More pain than expected
Pain is an unpleasant sensory and emotional experience associated with actual or potential tissue damage. It is the most common reason for physician consultation in most developed countries and after disease/damage of the nervous system is predominantly treated with opioids. Opioids are medications that relieve pain. They reduce the intensity of pain signals reaching the brain and affect those brain areas controlling emotion, which also diminishes the effects of a painful stimulus. Pharmaceuticals that fall within this class include hydrocodone —the most commonly prescribed for a variety of painful conditions, including dental and injury-related pain—, oxycodone, codeine, morphine, and related drugs. Opioids act by attaching to specific proteins called opioid receptors, which are found in the brain, spinal cord, gastrointestinal tract, and other organs in the body. When these molecules bind to their receptors, they reduce the perception of pain, but opioids have side effects and can produce drowsiness, mental confusion, nausea, constipation, and, depending upon the amount of drug taken, can depress respiration.

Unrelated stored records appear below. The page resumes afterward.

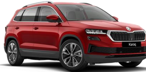
Velvet Red (K1K1 – Exclusive)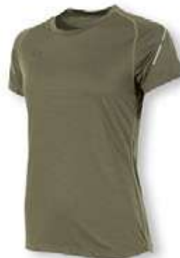
Army Green 414602 - 9911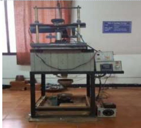
Fig. 1: Stir Casting Setup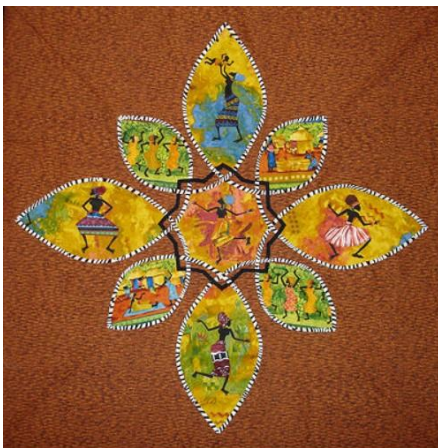
Marilyn's Crystal block, made with African theme fabrics. Her bias fabrics were a zebra stripe print and a solid black.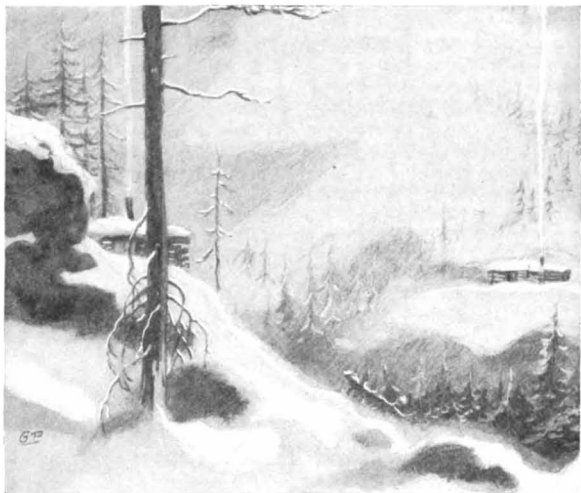
"Like two crouching enemies they face each other."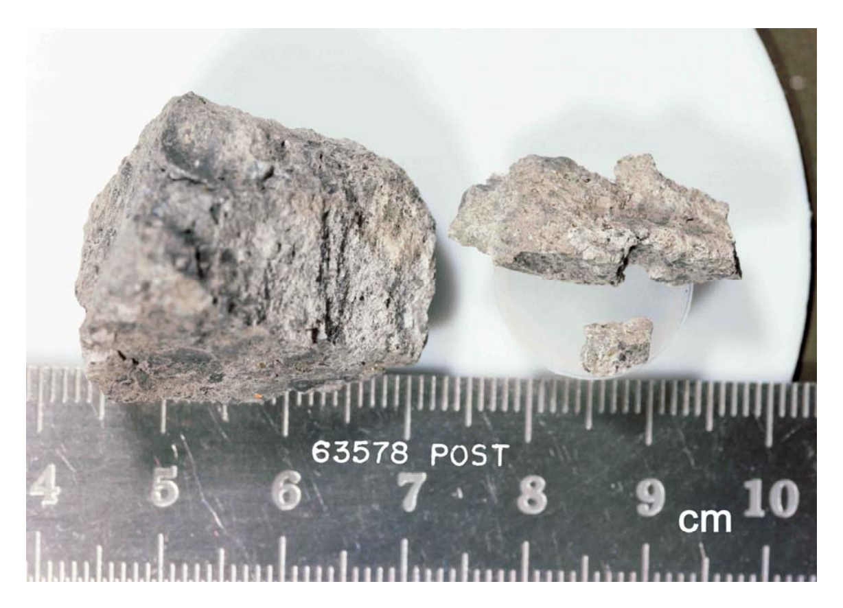
FIGURE 1. Smallest scale division in mm. S-72-55400.

<u>INTRODUCTION</u>: 63578 is a fine-grained, coherent polymict breccia (Fig. 1) which appears to be bonded with either glass or a fine-grained melt. It is angular with flat sides. It is a rake sample with zap pits.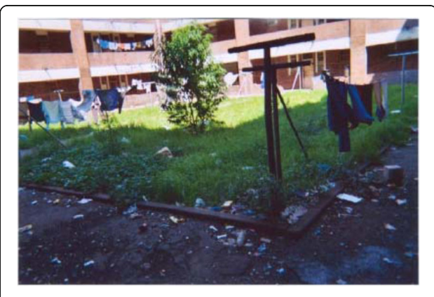
Fig. 1 Denver Hostel, Benrose, Johannesburg

Morphine is often used before and after surgical procedures to alleviate severe pain. It is the most commonly used opioid and can be taken for pain relief as a liquid by mouth, as quick-acting tablets, or as slow-release tablets and capsules. However, the long-term consequences of opioid prescription have not been explored and this can be troublesome since opioids are documented to paradoxically induce nociceptive sensitization, both in the presence and absence of a pain condition. Contrary to what can be expected, morphine treatment after a nerve injury doubled the duration of pain in rats, scientists report in the Proceedings of the National Academy of Sciences. 1 This has not been previously anticipated.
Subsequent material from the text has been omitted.